__Activity__. Retype each line exactly as it stands, beginning at the first line of the material and finishing with the line that contains "Inżektor to prosty".

◇ ◇ ◇ ◇ ◇ ◇ ◇

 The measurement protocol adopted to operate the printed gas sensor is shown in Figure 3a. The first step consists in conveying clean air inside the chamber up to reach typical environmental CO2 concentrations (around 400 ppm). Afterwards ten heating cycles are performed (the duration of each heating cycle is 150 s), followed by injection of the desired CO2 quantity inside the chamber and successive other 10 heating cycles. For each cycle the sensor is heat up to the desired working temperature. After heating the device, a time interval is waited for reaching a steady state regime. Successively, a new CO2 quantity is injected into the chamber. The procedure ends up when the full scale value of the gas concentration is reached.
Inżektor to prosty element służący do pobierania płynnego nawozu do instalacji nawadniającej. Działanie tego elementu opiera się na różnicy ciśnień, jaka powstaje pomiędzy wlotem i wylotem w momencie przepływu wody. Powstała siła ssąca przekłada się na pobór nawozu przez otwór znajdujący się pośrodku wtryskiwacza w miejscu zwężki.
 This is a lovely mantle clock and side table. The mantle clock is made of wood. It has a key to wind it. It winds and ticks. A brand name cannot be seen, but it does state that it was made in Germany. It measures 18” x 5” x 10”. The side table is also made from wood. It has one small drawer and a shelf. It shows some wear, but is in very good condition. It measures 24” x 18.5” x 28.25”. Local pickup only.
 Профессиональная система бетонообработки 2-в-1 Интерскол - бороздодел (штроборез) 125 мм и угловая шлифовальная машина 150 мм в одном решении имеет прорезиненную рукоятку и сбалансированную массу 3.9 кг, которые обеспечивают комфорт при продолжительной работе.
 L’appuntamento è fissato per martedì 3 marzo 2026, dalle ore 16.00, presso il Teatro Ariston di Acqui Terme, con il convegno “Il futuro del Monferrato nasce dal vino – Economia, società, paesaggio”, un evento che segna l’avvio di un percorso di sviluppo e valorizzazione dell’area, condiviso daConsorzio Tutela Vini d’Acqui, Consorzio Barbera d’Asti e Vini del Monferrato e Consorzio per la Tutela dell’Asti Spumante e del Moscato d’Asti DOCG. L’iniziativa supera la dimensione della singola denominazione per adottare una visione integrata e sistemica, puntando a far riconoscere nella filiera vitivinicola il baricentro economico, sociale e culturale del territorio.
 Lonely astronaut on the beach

◇ ◇ ◇ ◇ ◇ ◇ ◇

__Output of the exercise__.
 The measurement protocol adopted to operate the printed gas sensor is shown in Figure 3a. The first step consists in conveying clean air inside the chamber up to reach typical environmental CO2 concentrations (around 400 ppm). Afterwards ten heating cycles are performed (the duration of each heating cycle is 150 s), followed by injection of the desired CO2 quantity inside the chamber and successive other 10 heating cycles. For each cycle the sensor is heat up to the desired working temperature. After heating the device, a time interval is waited for reaching a steady state regime. Successively, a new CO2 quantity is injected into the chamber. The procedure ends up when the full scale value of the gas concentration is reached.
Inżektor to prosty element służący do pobierania płynnego nawozu do instalacji nawadniającej. Działanie tego elementu opiera się na różnicy ciśnień, jaka powstaje pomiędzy wlotem i wylotem w momencie przepływu wody. Powstała siła ssąca przekłada się na pobór nawozu przez otwór znajdujący się pośrodku wtryskiwacza w miejscu zwężki.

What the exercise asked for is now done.